In accordance with the instant invention, a method is provided for treating a pregnant female with a hyper-inflammatory condition, the method comprising administering an inhibitor of Th17 cell activity to the female while pregnant with a fetus to reduce inflammation in the pregnant female, thereby decreasing risk for developing a psychiatric disorder in the fetus.

In an aspect of the invention, a method(s) is provided for reducing ASD-like phenotypes in offspring or in a fetus, particularly wherein maternal immune activation (MIA) is identified or suspected in the pregnant female carrying the fetus. In an aspect, the method comprises administering to the pregnant female an inhibitor of T helper 17 (Th17) cell activity, an inhibitor of IL-17a activity, or an inhibitor of IL-17a signaling. In an aspect, the inhibitor is an IL-17a antibody.

In an aspect, a method is provided for reducing or protecting against the development of maternal immune activation (MIA)-induced behavioral deficits in offspring or a fetus. IN a particular aspect, the behavioral deficits associated are with ASD, in offspring or in a fetus, particularly wherein maternal immune activation (MIA) is identified or suspected in the pregnant female carrying the fetus. In an aspect, the method comprises administering to the pregnant female an inhibitor of T helper 17 (Th17) cell activity, an inhibitor of IL-17a activity, or an inhibitor of IL-17a signaling.
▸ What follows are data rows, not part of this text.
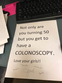 So despite black balloons and colonoscopy reminders, I shared chocolate cake, chocolate covered fruit, texts from the kids, dinner out with friends, and a beautiful summer day with Ted on my fiftieth!
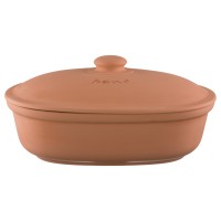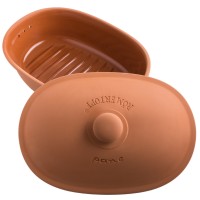 وعاء بيضاوي من الفخار مخصص لحفظ الخبز طازجا لعدة أيام. تساعد الفتحات الجانبية على تدوير الهواء لضمان تهوية جيدة و منع تراكم الرطوبة و نمو الفطريات. قاعدة الوعاء مطلية من الداخل لسهولة التنظيف، بينما الغطاء غير مطلي لموازنة مستوى الرطوبة و الحفاظ على الخبز طرياً و طازجاً.
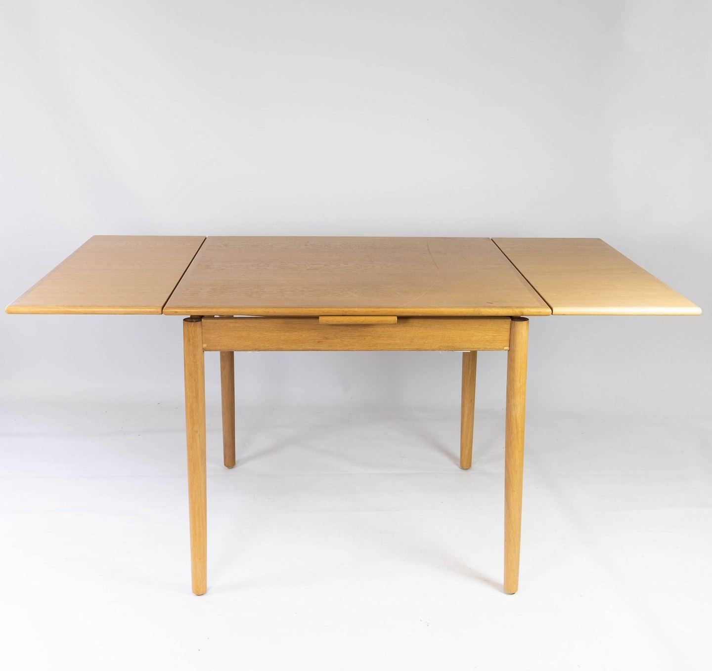 Spisebord i eg med hollandsk udtræk af dansk design fra 1960erne. The table is in great vintage condition.

In an aspect, the inhibitor is an IL-17a antibody.

In an aspect of the invention, a method(s) is provided for reducing behavioral deficits, particularly behavioral deficits associated with ASD, in offspring or in a fetus, particularly wherein maternal immune activation (MIA) is identified or suspected in the pregnant female carrying the fetus. In an aspect, the method comprises administering to the pregnant female an inhibitor of T helper 17 (Th17) cell activity, an inhibitor of IL-17a activity, or an inhibitor of IL-17a signaling. In an aspect, the inhibitor is an IL-17a antibody.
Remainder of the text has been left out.